Prerequisite: Supports the AD bit for Algorithms 5 and/or 8.
Test: A DNS request is sent over UDP to the resolver under test for a
known combination of the DS algorithm number (N) and DNSKEY algorithm
number (M) of the example form ds-N.alg-M-nsec.test.example.com.
Examples:
ds-2.alg-13-nsec.test.example.com TXT
or
ds-4.alg-13-nsec3.test.example.com TXT
SUCCESS: A DNS response is received with the AD bit set and with a
matching record type in the answer section.
Note: For algorithms 6 and 7, NSEC is not defined; thus, a query for
alg-M-nsec3 is required. Similarly, NSEC3 is not defined for
algorithms 1, 3, and 5. Furthermore, algorithms 2, 4, 9, and 11 do
not currently have definitions for signed zones.
4. Aggregating the Results
Some conclusions can be drawn from the results of the above tests in
an "aggregated" form. This section defines some labels to assign to
a resolver under test given the results of the tests run against
them.
4.1. Resolver Capability Description
This section will group and label certain common results.
Resolvers are classified into the following broad behaviors:
Validator: The resolver passes all DNSSEC tests and had the AD bit
appropriately set.
DNSSEC-Aware: The resolver passes all DNSSEC tests, but it does not
appropriately set the AD bit on answers, indicating it is not
validating.
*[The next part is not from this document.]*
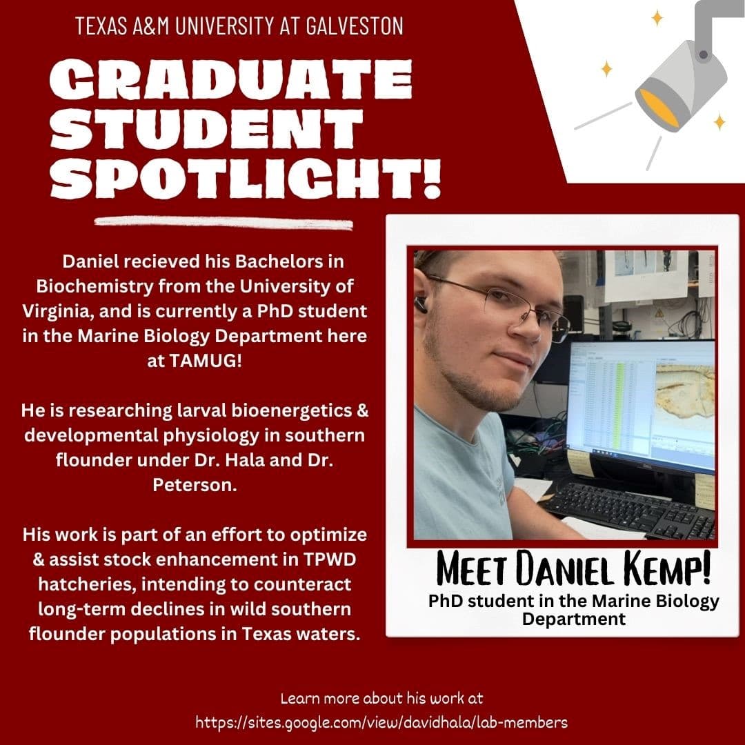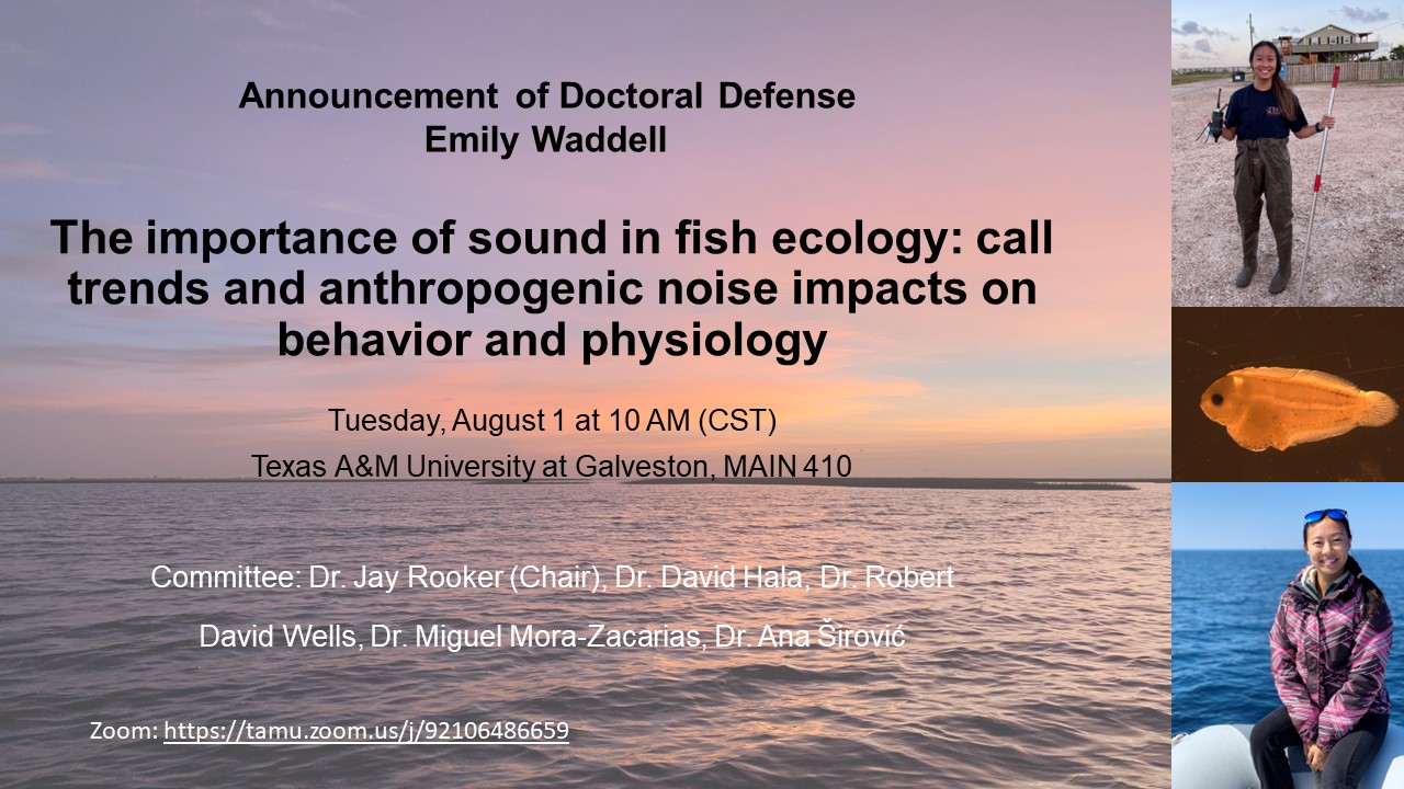 The importance of sound in fish ecology: call trends and anthropogenic noise impacts on behavior and physiology. Tuesday, August 1 at 10 AM (CST) Texas A&M University at Galveston, MAIN 410. Unable to attend? Zoom Link: The Announcement of Doctoral Defense Emily Waddell

A Host Validator will function fine using this
resolver as a forwarder.
Non-DNSSEC-Capable: The resolver is not DNSSEC-aware and will make
it hard for a Host Validator to operate behind it. It MAY be
usable to query for data that is in known insecure sections of the
DNS tree.
Not a DNS Resolver: This is an improperly behaving resolver and
should not be used at all.
While it would be great if all resolvers fell cleanly into one of the
broad categories above, that is not the case. For that reason, it is
necessary to augment the classification with a more descriptive
result. This is done by adding the word "Partial" in front of
Validator/DNSSEC-aware classifications, followed by sub-descriptors
of what is not working.
Unknown: Failed the unknown test
DNAME: Failed the DNAME test
NSEC3: Failed the NSEC3 test
TCP: TCP not available
SlowBig: UDP is size limited, but TCP fallback works
NoBig: TCP not available and UDP is size limited
Permissive: Passes data known to fail validation
5. Roadblock Avoidance
The goal of this document is to tie the above tests and aggregations
to avoidance practices; however, the document does not specify
exactly how to do that.
Once we have determined what level of support is available in the
network, we can determine what must be done in order to effectively
act as a validating resolver. This section discusses some of the
options available given the results from the previous sections.
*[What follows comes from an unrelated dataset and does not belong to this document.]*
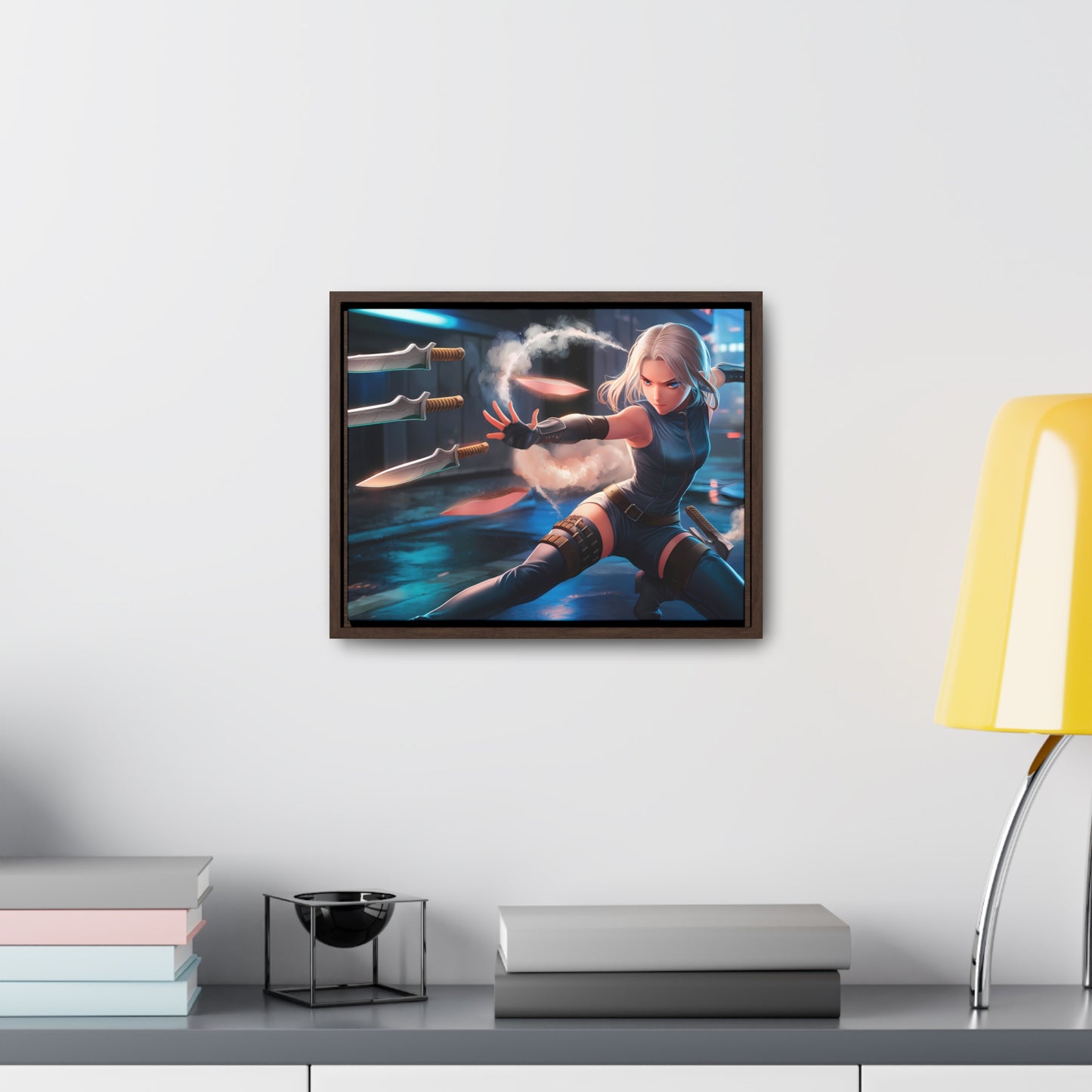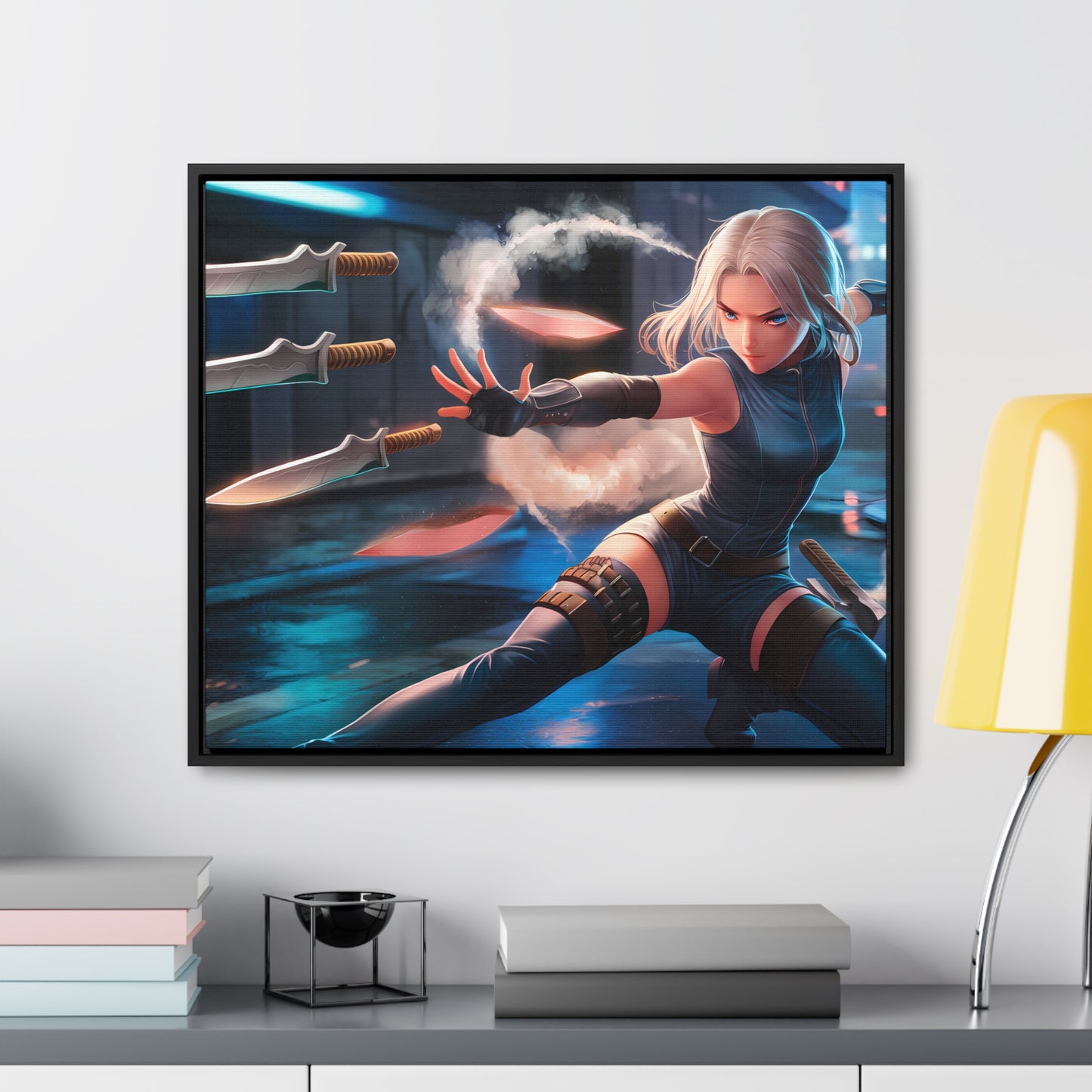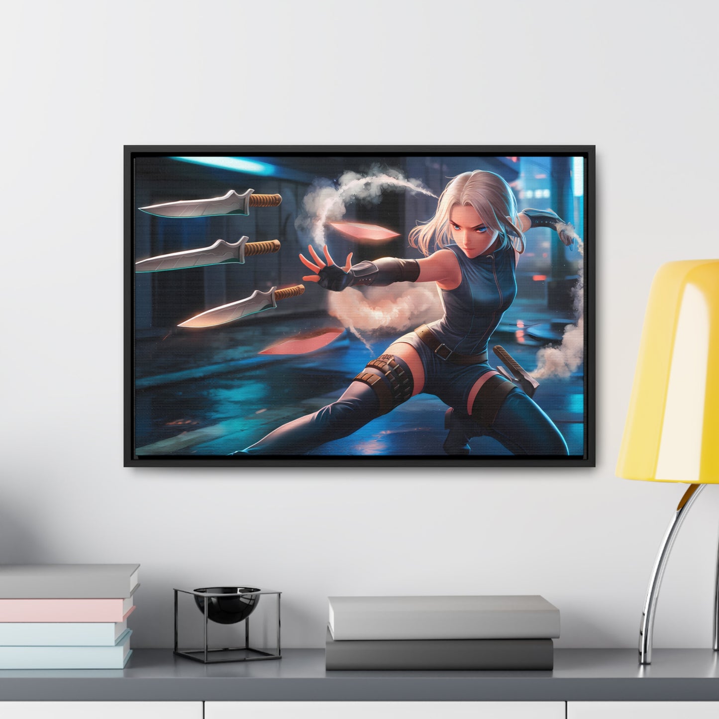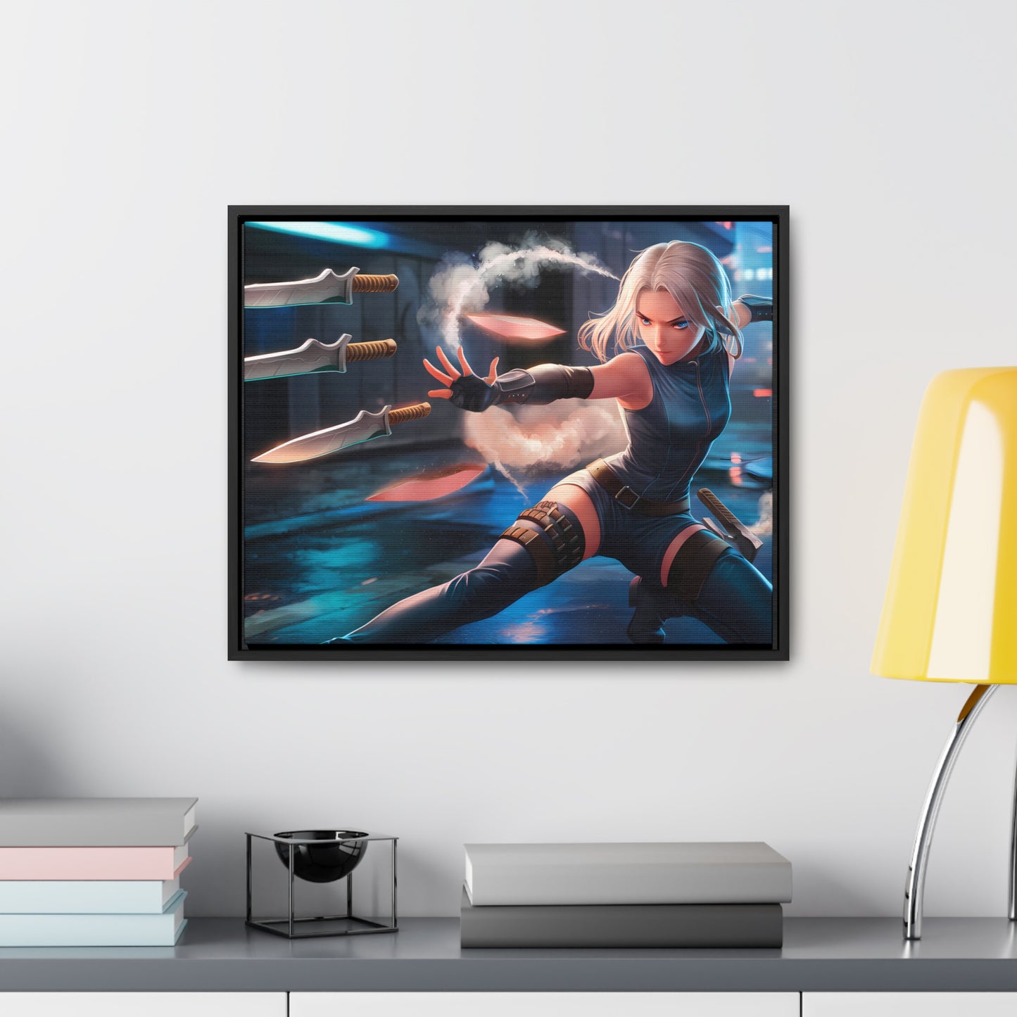 Blade Dancer in the Neon Shadows - Gallery Canvas Wraps, Horizontal Frame

The general fallback approach can be described by the following
sequence:
If the resolver is labeled as "Validator" or "DNSSEC-aware":
Send queries through this resolver and perform local
validation on the results.
If validation fails, try the next resolver.
Else, if the resolver is labeled "Not a DNS Resolver" or
"Non-DNSSEC-capable":
Mark it as unusable and try the next resolver.
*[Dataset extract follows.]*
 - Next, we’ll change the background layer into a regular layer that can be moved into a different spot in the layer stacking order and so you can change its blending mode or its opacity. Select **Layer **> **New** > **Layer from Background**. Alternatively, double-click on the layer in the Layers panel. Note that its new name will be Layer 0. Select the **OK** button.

Else if no more resolvers are configured and if direct queries
are supported:
1. Try iterating from the Root.
2. If the answer is SECURE/BOGUS:
Return the result of the iteration.
3. If the answer is INSECURE:
Re-query "Non-DNSSEC-capable" servers and return
answers from them without the AD bit set to the client.
This will increase the likelihood that split-view unsigned
answers are found.
Else:
Return an error code and log a failure.
While attempting resolution through a particular recursive name
server with a particular transport method that worked, any transport-
specific parameters MUST be remembered in order to avoid any
unnecessary fallback attempts.
Transport-specific parameters MUST also be remembered for each
authoritative name server that is queried while performing an
iterative mode lookup.
Any transport settings that are remembered for a particular name
server MUST be periodically refreshed; they should also be refreshed
when an error is encountered as described below.
For a stub resolver, problems with the name server can manifest
themselves under the following types of error conditions:
o No Response, error response, or missing DNSSEC metadata
o Illegal Response: An illegal response is received, which prevents
the validator from fetching all the necessary records required for
constructing an authentication chain. This could result when
referral loops are encountered, when any of the antecedent zone
delegations are lame, when aliases are erroneously followed for
certain RRtypes (such as Start of Authority (SOA), DNSKEYs, or DS
records), or when resource records for certain types (e.g., DS)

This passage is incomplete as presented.